Goal of the exercise
For the data below, transcribe the part that opens with the line containing "Cheese on top.×" and closes with the line containing "Francuske obveznice su", exactly and with no pictures.

Input for this task
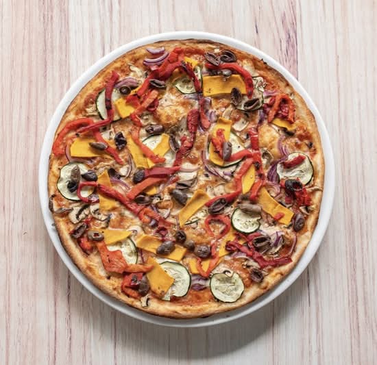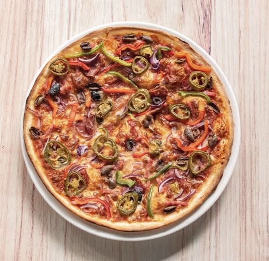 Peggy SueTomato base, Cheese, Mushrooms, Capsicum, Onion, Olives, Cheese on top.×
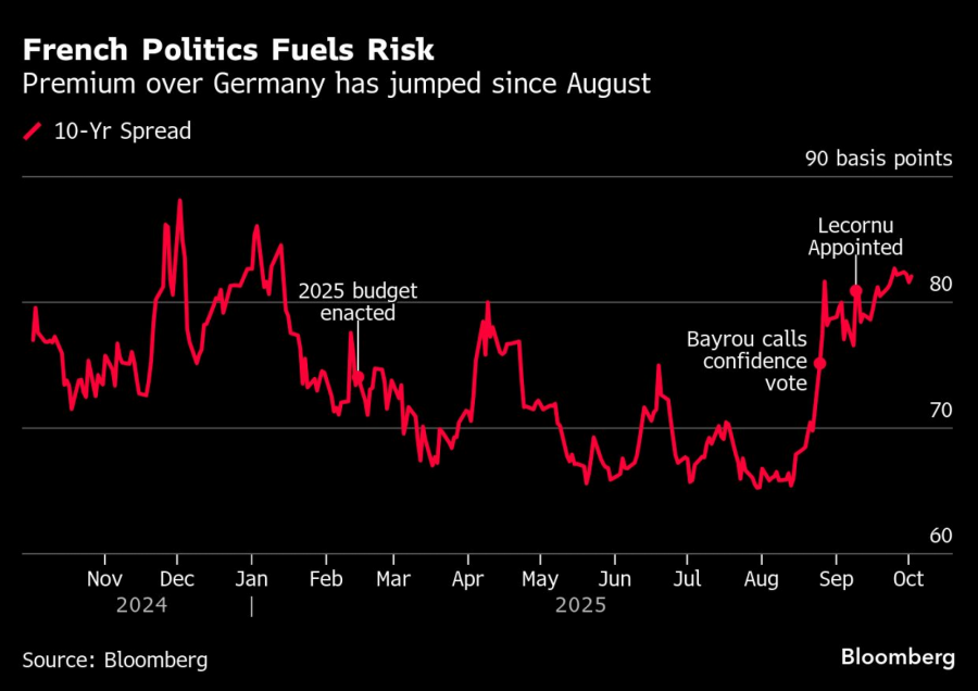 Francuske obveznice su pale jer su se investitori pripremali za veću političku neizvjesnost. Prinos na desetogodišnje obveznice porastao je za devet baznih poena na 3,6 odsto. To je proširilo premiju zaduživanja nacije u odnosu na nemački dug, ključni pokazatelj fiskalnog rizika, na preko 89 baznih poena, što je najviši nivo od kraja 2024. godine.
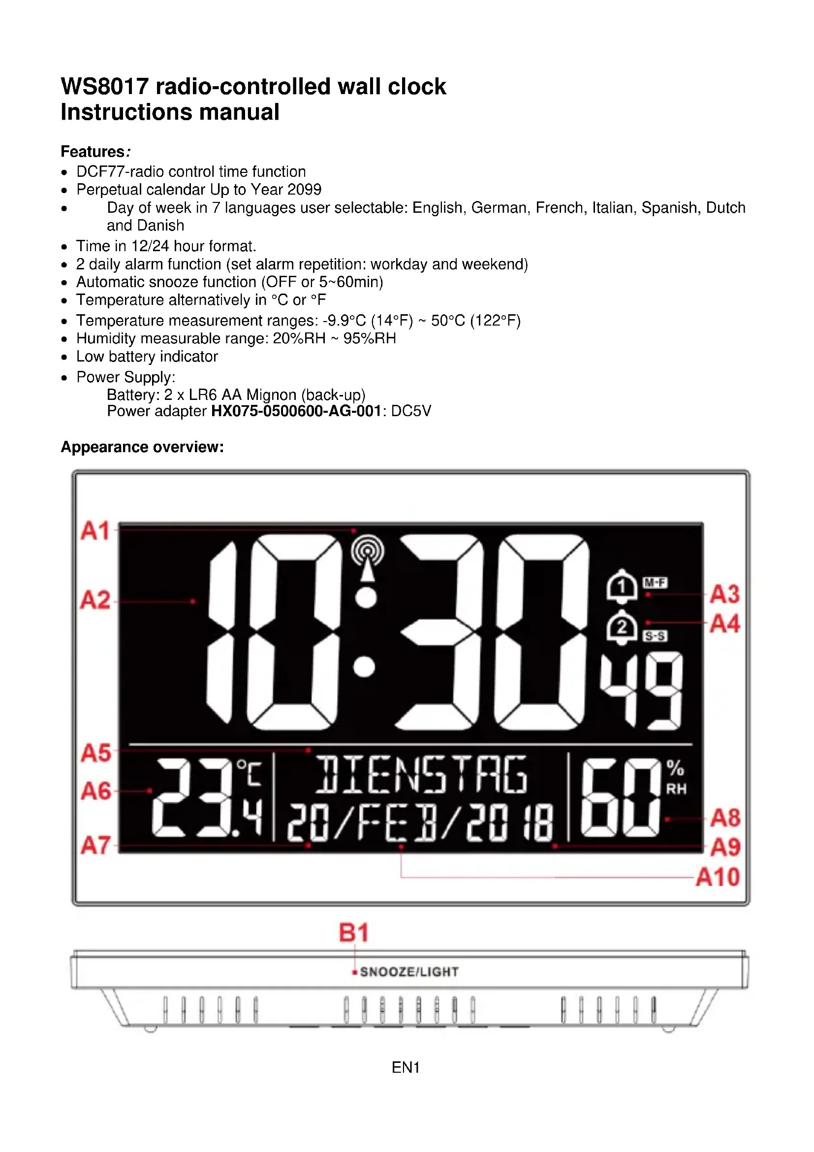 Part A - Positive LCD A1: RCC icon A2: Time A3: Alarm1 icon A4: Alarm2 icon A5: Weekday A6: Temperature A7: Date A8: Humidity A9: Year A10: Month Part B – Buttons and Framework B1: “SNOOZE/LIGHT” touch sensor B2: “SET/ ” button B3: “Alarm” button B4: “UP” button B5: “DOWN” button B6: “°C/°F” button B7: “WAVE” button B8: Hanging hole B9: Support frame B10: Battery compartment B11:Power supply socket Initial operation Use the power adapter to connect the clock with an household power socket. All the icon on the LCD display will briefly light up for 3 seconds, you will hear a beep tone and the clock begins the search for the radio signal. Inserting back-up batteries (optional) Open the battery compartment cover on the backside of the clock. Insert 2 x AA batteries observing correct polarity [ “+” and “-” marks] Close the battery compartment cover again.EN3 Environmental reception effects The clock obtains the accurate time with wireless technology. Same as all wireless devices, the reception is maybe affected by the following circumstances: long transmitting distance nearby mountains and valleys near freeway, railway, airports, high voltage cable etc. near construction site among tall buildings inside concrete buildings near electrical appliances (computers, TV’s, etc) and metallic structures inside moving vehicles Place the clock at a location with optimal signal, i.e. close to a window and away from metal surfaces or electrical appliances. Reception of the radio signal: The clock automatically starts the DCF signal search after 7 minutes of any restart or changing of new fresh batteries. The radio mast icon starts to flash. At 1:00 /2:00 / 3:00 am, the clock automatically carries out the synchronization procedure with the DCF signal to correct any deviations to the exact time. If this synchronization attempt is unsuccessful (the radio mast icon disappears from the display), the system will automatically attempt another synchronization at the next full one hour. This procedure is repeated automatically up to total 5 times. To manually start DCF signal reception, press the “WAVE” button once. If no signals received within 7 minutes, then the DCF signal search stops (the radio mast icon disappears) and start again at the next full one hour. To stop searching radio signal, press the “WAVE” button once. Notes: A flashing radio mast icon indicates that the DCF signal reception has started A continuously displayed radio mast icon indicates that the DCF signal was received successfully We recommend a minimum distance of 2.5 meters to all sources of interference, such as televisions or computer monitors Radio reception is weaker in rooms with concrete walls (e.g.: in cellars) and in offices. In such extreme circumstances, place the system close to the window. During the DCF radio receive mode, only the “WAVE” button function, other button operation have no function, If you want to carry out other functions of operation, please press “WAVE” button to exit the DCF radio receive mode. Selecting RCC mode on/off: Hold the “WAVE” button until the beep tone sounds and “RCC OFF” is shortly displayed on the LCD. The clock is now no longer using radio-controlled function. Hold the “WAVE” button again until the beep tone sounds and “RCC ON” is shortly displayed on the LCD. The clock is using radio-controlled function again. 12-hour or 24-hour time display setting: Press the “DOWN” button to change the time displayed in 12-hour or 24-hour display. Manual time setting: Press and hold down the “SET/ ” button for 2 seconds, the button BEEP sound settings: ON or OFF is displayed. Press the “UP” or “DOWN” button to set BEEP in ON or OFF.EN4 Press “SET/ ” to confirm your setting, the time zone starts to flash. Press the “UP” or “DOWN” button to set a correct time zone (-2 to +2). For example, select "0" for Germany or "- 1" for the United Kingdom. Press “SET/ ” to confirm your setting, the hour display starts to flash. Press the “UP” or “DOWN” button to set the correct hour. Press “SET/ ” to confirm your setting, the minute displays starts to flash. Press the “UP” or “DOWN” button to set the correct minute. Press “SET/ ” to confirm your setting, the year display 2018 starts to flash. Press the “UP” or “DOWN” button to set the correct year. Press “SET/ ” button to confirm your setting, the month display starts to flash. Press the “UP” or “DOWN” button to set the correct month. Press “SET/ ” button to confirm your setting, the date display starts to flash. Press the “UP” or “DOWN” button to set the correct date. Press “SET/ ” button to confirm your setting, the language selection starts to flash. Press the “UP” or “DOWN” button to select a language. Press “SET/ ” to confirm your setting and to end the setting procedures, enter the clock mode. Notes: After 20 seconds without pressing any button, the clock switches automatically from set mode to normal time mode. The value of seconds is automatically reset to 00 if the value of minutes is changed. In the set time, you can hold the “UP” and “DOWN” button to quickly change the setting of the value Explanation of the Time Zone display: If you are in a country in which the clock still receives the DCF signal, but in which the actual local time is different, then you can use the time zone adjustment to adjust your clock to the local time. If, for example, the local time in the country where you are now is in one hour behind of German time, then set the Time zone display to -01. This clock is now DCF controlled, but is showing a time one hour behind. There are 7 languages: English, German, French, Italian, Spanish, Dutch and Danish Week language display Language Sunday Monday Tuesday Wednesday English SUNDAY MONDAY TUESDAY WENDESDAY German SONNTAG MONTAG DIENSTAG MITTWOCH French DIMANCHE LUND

==

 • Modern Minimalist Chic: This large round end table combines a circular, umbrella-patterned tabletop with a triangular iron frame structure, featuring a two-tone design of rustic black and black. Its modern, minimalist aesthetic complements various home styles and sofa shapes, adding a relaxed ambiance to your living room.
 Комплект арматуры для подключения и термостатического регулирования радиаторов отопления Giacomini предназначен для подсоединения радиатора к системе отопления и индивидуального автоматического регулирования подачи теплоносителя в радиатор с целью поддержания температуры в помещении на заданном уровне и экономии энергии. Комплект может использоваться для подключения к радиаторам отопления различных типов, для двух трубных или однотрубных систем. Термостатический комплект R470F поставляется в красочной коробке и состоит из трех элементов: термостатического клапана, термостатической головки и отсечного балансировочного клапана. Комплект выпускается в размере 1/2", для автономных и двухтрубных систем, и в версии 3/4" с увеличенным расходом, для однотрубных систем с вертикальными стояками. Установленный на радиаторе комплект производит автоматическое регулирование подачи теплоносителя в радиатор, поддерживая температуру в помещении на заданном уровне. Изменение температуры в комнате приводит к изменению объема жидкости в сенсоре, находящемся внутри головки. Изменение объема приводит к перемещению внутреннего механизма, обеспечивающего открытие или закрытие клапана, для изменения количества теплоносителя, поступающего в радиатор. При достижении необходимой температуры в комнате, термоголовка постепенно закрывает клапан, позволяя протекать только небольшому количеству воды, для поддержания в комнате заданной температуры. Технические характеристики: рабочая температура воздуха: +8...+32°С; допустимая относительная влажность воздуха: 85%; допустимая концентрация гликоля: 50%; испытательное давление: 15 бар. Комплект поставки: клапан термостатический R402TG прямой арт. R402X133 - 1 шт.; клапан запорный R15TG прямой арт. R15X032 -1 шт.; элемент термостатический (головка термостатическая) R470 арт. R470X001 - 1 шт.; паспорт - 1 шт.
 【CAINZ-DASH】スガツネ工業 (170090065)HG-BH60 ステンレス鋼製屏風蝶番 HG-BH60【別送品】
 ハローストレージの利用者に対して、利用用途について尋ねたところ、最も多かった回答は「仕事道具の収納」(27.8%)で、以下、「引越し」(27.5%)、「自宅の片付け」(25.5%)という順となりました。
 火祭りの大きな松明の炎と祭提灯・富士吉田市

Final answer
 Peggy SueTomato base, Cheese, Mushrooms, Capsicum, Onion, Olives, Cheese on top.×
 Francuske obveznice su pale jer su se investitori pripremali za veću političku neizvjesnost. Prinos na desetogodišnje obveznice porastao je za devet baznih poena na 3,6 odsto. To je proširilo premiju zaduživanja nacije u odnosu na nemački dug, ključni pokazatelj fiskalnog rizika, na preko 89 baznih poena, što je najviši nivo od kraja 2024. godine.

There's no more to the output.